I've got the following problem I'm working on which is related to some of my research:

Solve:

$f(x) = \int_{-\infty}^x G(x,y)f(y)f(x-y)dy$

for f, given $G$ which has whatever smoothness properties you might need.

There are two possible simplifications that can be made regarding G: either

1: $G(x,y) \equiv 0$ when $y>x$ and thus we continue the integral up to $\infty$

or

2: $G$ is symmetric, $G(x,y) = G(y,x)$ (but the integral must extend to x, not $\infty$)

These are the only bounds I have so far to put on G.

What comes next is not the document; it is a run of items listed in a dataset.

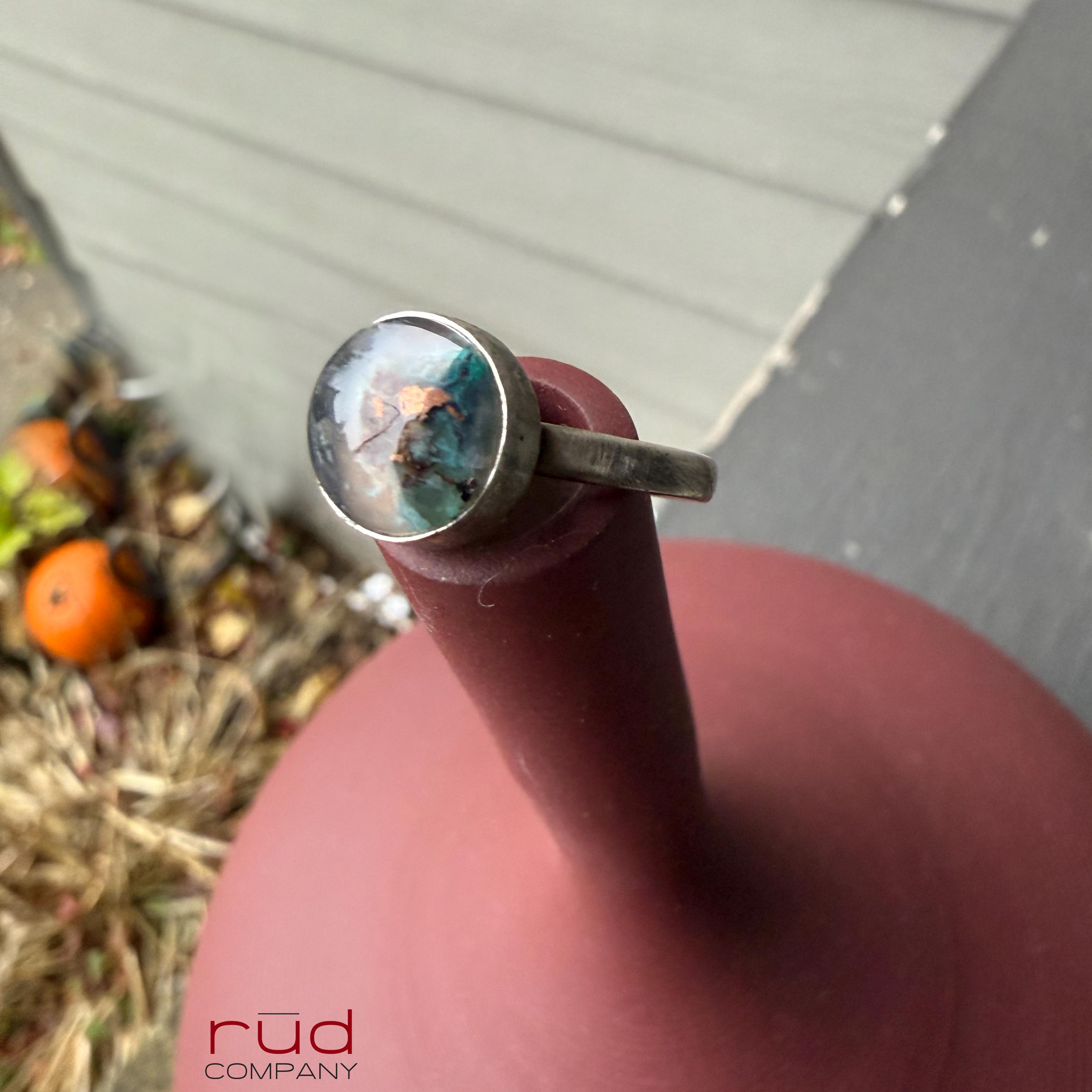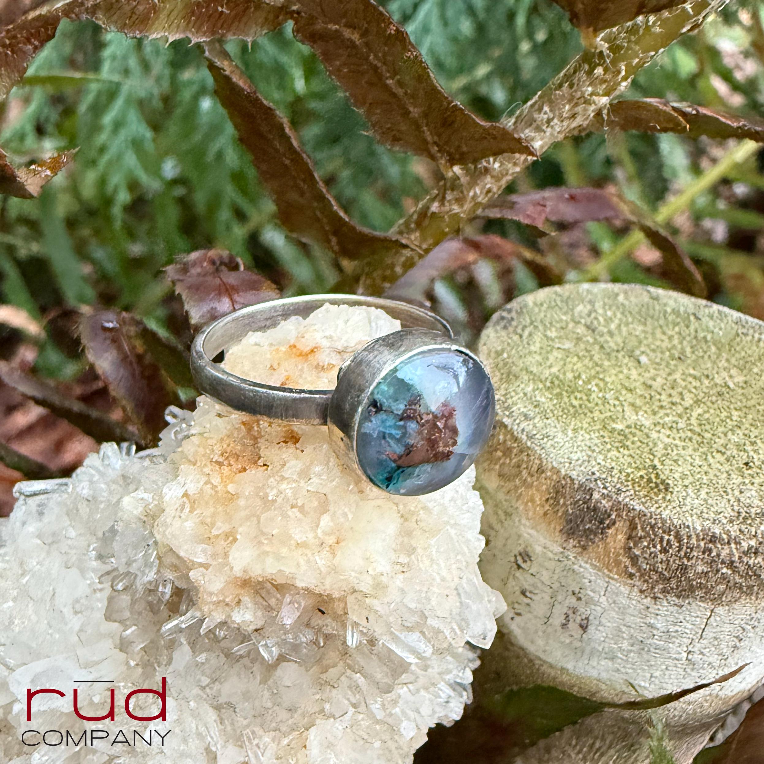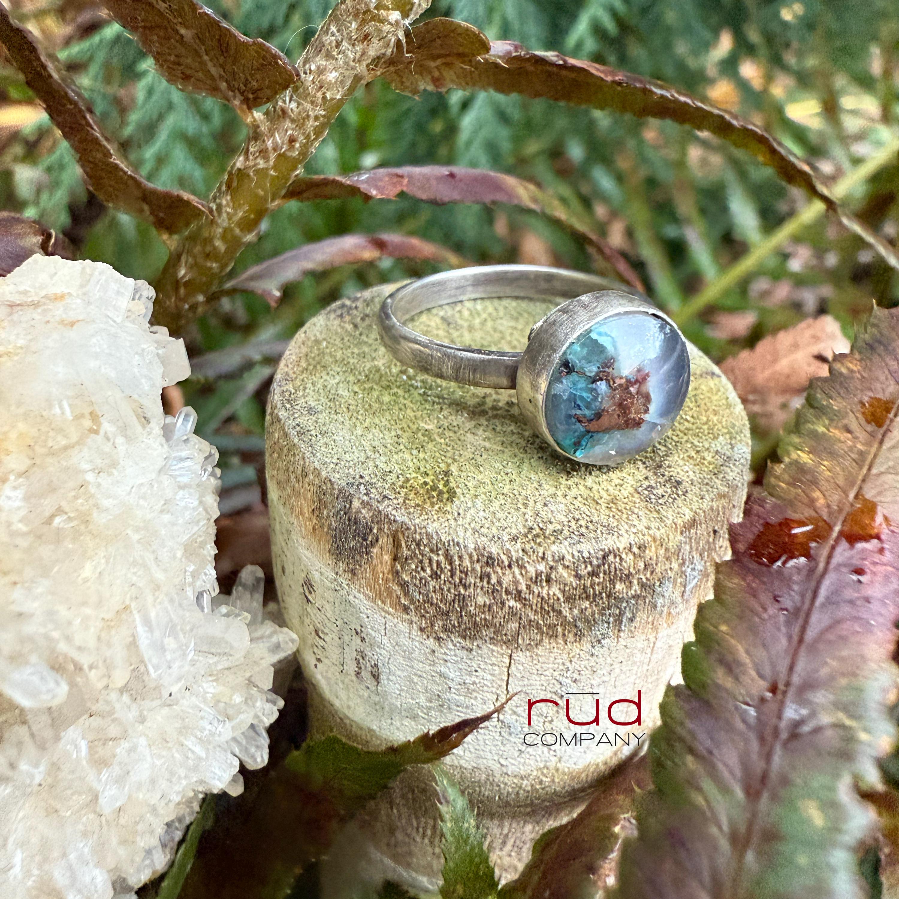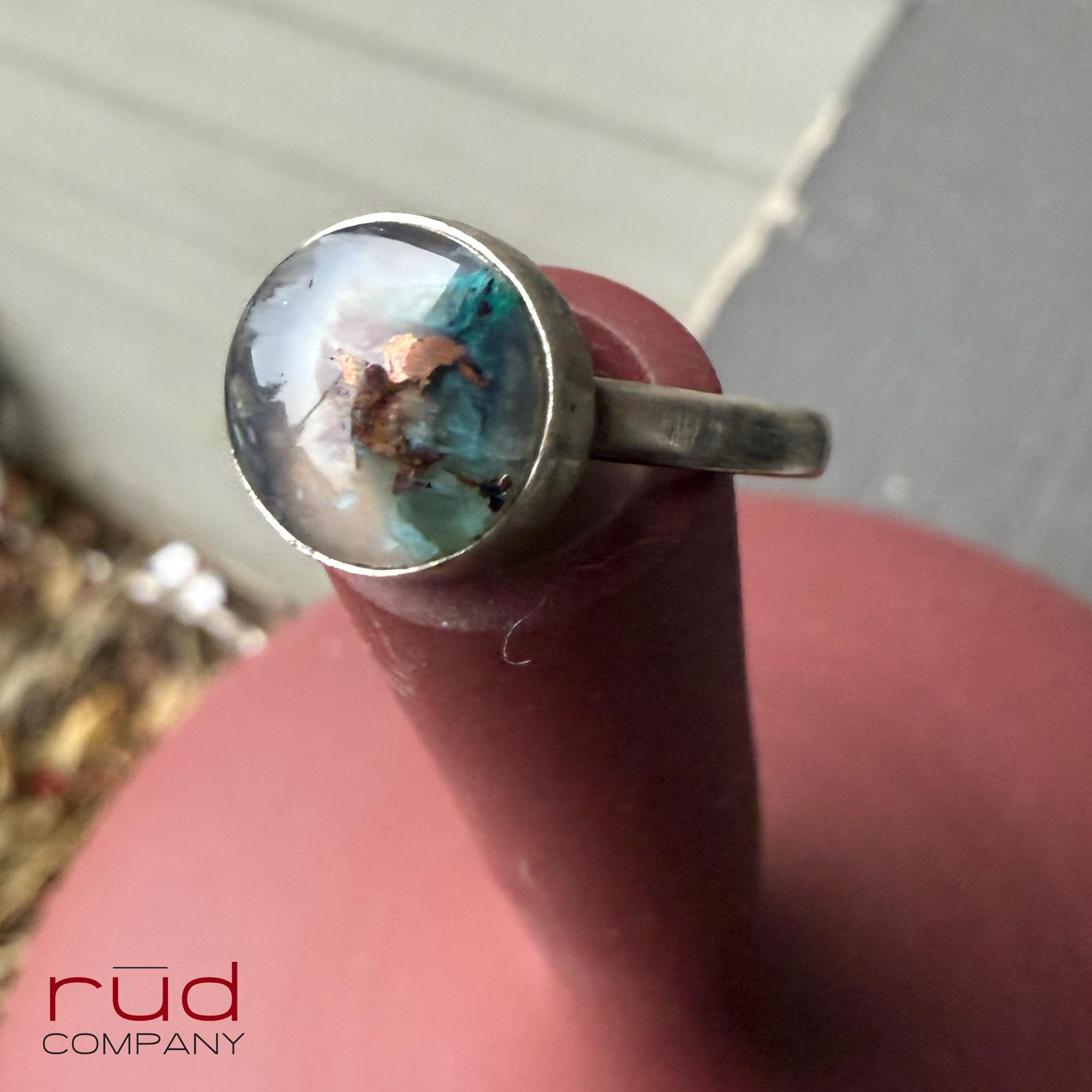 Hidden World - Native Copper Chrysocolla in Chalcedony Cabochon Ring artisan set in Sterling Silver Cocktail Ring Minimalist Style Size 8.25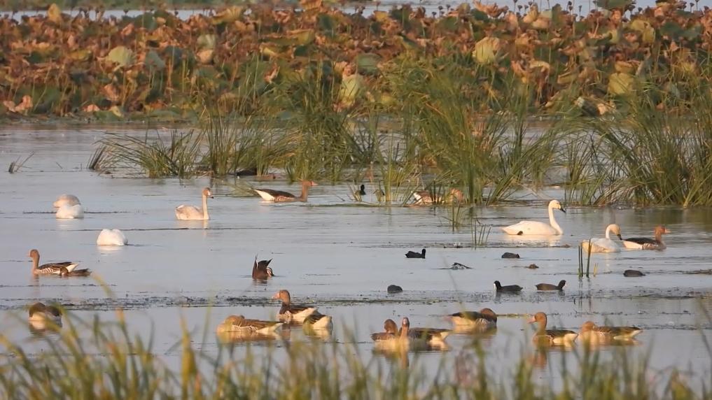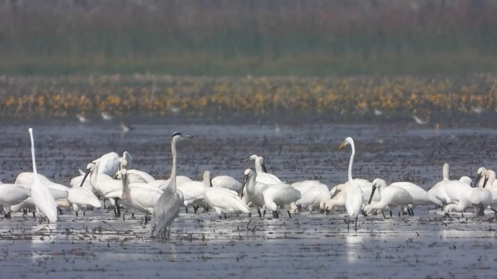 中國最大的淡水湖鄱陽湖是白鶴、東方白鸛、小天鵝等珍稀候鳥鐘愛的越冬“天堂”。每年有數十萬只候鳥飛抵這里,最高峰時可達到約80萬只。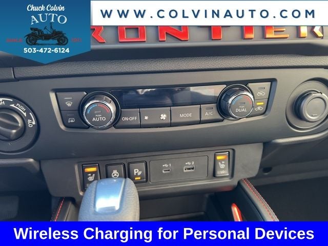 Inside, the Frontier PRO-4X offers a premium driving experience with features like the Fender Premium Audio System, Heated Front Seats, Leather Seat Trim, and Wireless Charging for Personal Devices. The Nissan Door-to-Door Navigation and Traffic Sign Recognition keep you connected and informed, while the Auto-Tilt & Slide Sunroof and Heated Steering Wheel add a touch of luxury to every journey.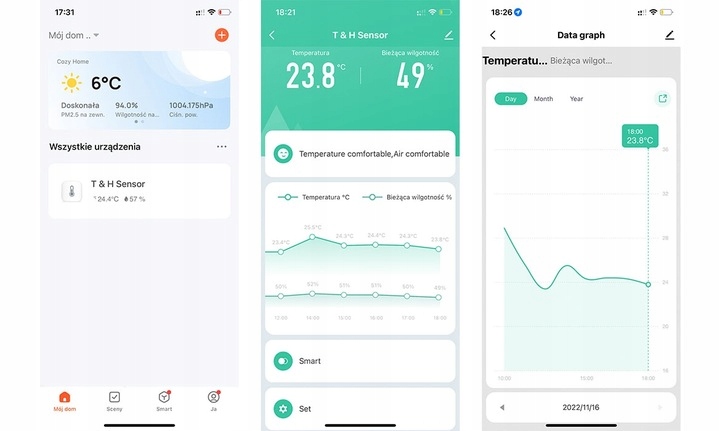 Датчик температури та вологості дозволить вам контролювати температуру під час підключення до домашньої мережі або віддалено з будь-якої точки землі. Крім того, ви можете легко надіслати звіт про показання температури собі, вказавши адресу електронної пошти, і створювати інтелектуальні сцени, такі як увімкнення газового котла чи теплового насоса, на основі показань датчика (для цього вам також потрібне відповідне реле. Компактний розмір 70x25x20 мм також дозволяє встановити його де завгодно — це один із найменших датчиків температури.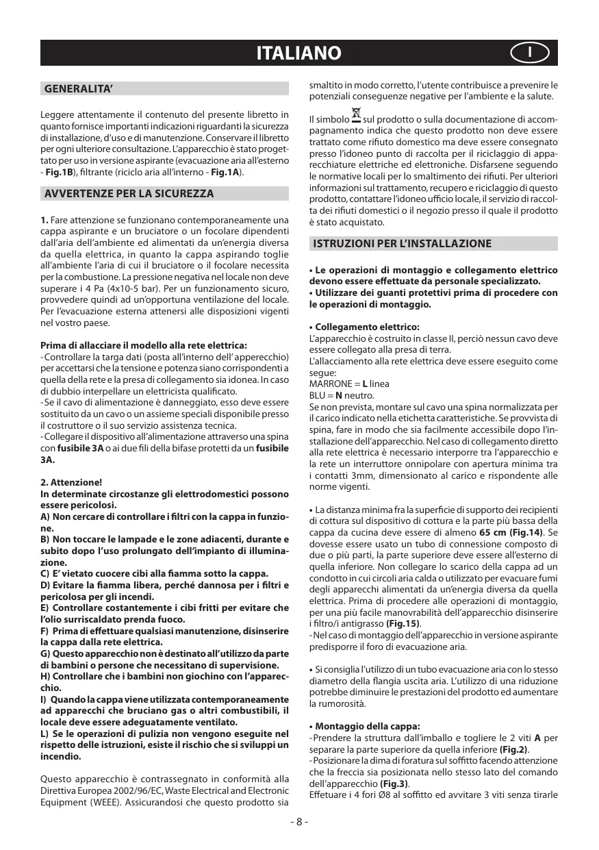 I) Quando la cappa viene utilizzata contemporaneamente ad apparecchi che bruciano gas o altri combustibili, il locale deve essere adequatamente ventilato.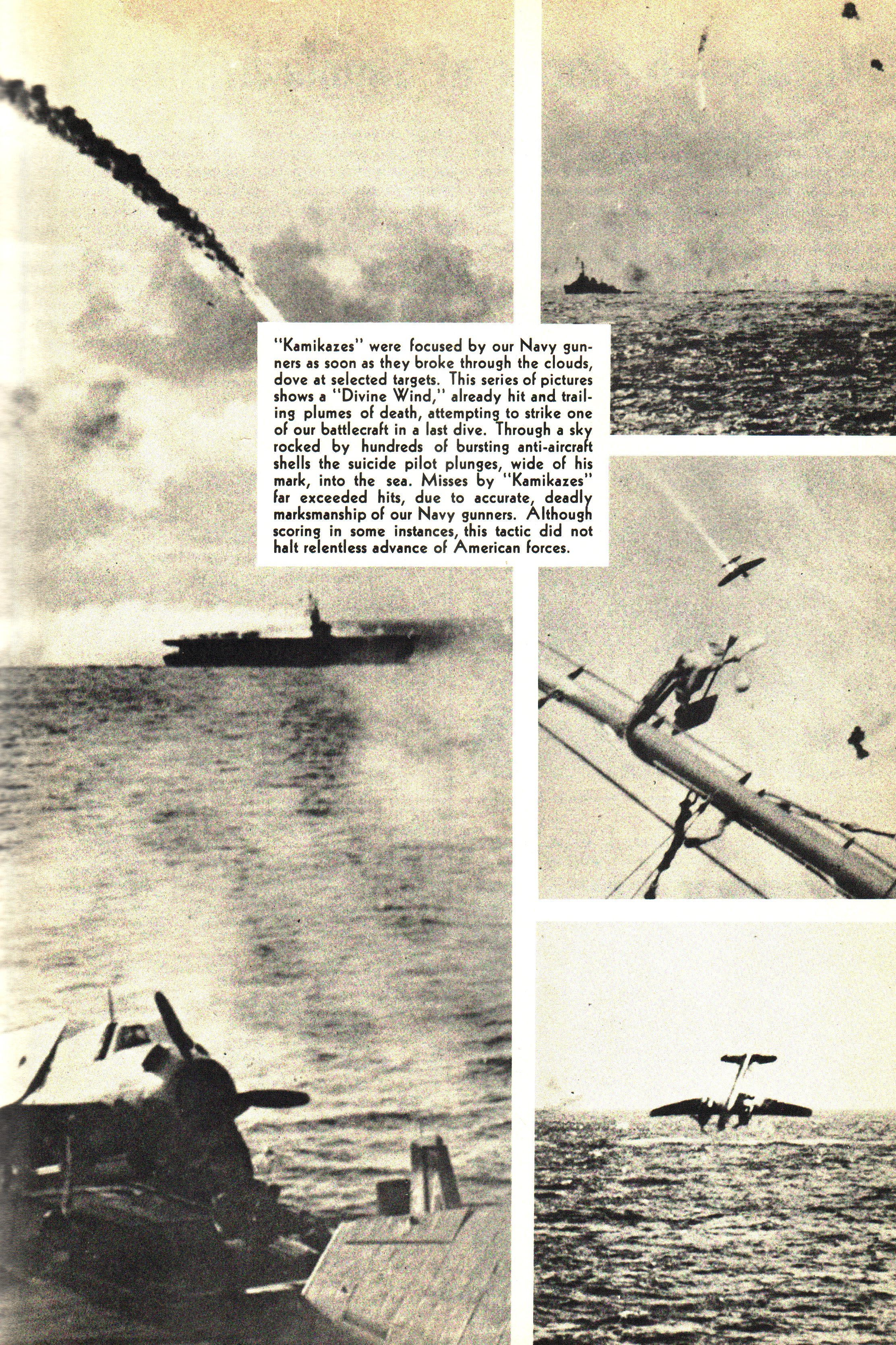 This was later to be shown to be a wildly inaccurate statement, though, as the kamikazes managed to run sink boats, down planes and kill men in relatively decent numbers. Even Newsweek of June 11, 1945 said "From a military viewpoint, it is the best set of tactics the Japans have worked on during the war."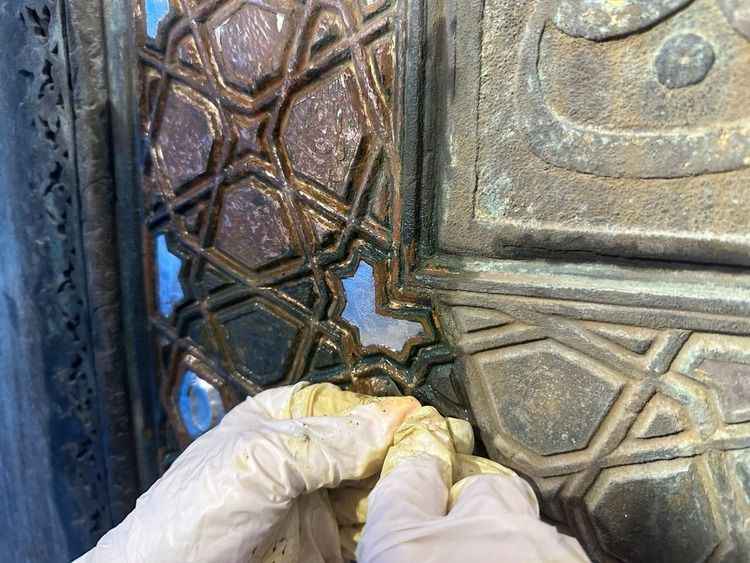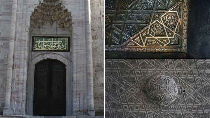 Ersoy, caminin revaklı avlusuna 3 yönden bronz kapılarla girildiğini, bu kapıların geometrik geçmeleri dışında, ajurlu demir menteşe klapalarının bile kazıma tekniğiyle işlendiğini, kapılarda rumi desenlere yer verildiğini aktardı.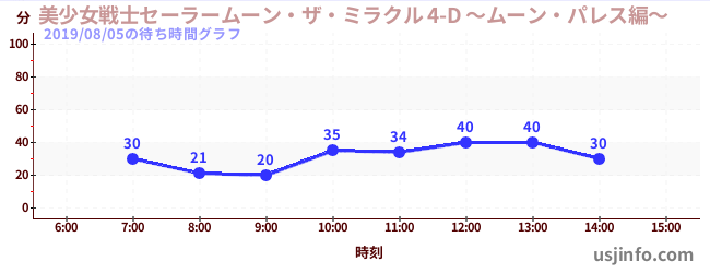 • 美少女戦士セーラームーン・ザ・ミラクル 4-D ~ムーン・パレス編~$B$N(B2019年08月05日の待ち時間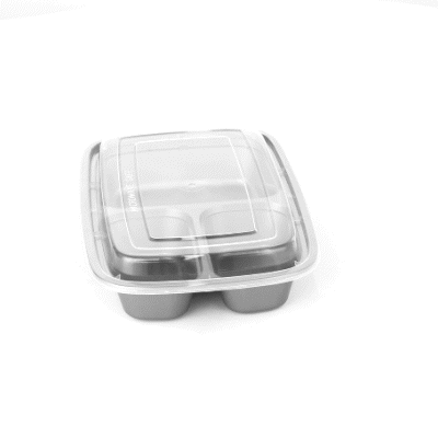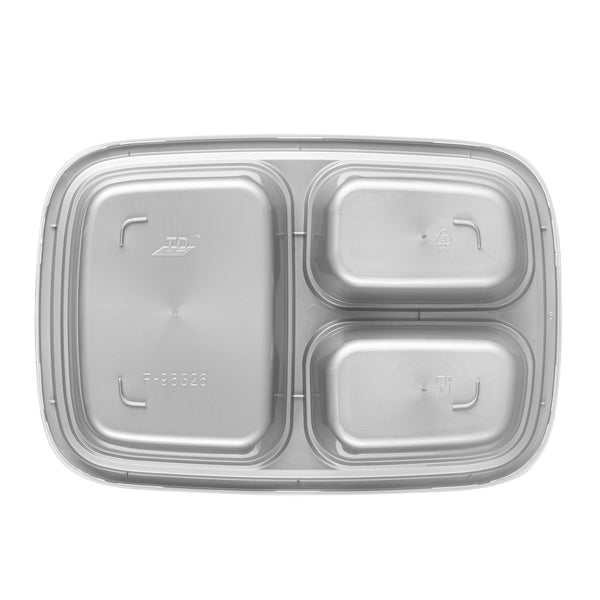 26 OZ SILVER PLASTIC 3 COMPARTMENT FOOD CONTAINER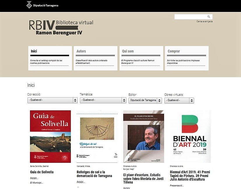 Els darrers títols publicats per la Diputació de Tarragona són Rellotges de sol de la demarcació de Tarragona, de Mireia Mercadé (Col·lecció Difusió Cultural, 2019); Guia de Solivella, de Gabriel Serra (Col·lecció Els llibres de la Medusa, 2019); La Mancomunitat de Catalunya a les comarques tarragonines. Projectes i realitats, de Manel Güell i Eugeni Perea (Col·lecció RBIV, 2019); El plaer d'escriure. Estudis sobre l'obra literària de Jordi Tiñena, de diversos autors (Col·lecció RBIV, 2019); Espais urbans porticats a la demarcació de Tarragona, de Joan Figuerola (Col·lecció RBIV, 2019); Biennal d'art 2019 (MAMT, 2019); XVI Jornades de pedagogia de l'art i museus 2019. Arts, museu i creativitat (MAMT, 2019), i Joan Casals. Itinerari el el laberint (MAMT, 2019).

Hoping you guys might have some ideas. This question comes about in a few problems related to the study of the structure of solids.

-edit

I'm not really looking for a general solution, since its highly unlikely it will be possible. I'm really interested in finding particular solutions, assumptions, or techniques that might be helpful in understanding the problem.

--

Answer 1

The simplest approach one can think is an iterative one. Let us consider the given equation $$ f(x)=\int_{-\infty}^xG(x,y)f(y)f(x-y)dy. $$ Now, we assume as a first iterate $f^{(0)}(x)=1$ and so $$ f^{(1)}(x)=\int_{-\infty}^xdyG(x,y) $$

$$ f^{(2)}(x)=\int_{-\infty}^xdyG(x,y)\int_{-\infty}^ydwG(y,w)\int_{-\infty}^{x-y}dzG(x-y,z) $$

and so on. One is granted the existence of the n-th iterate provided the integral of $G$ exists and is properly bounded.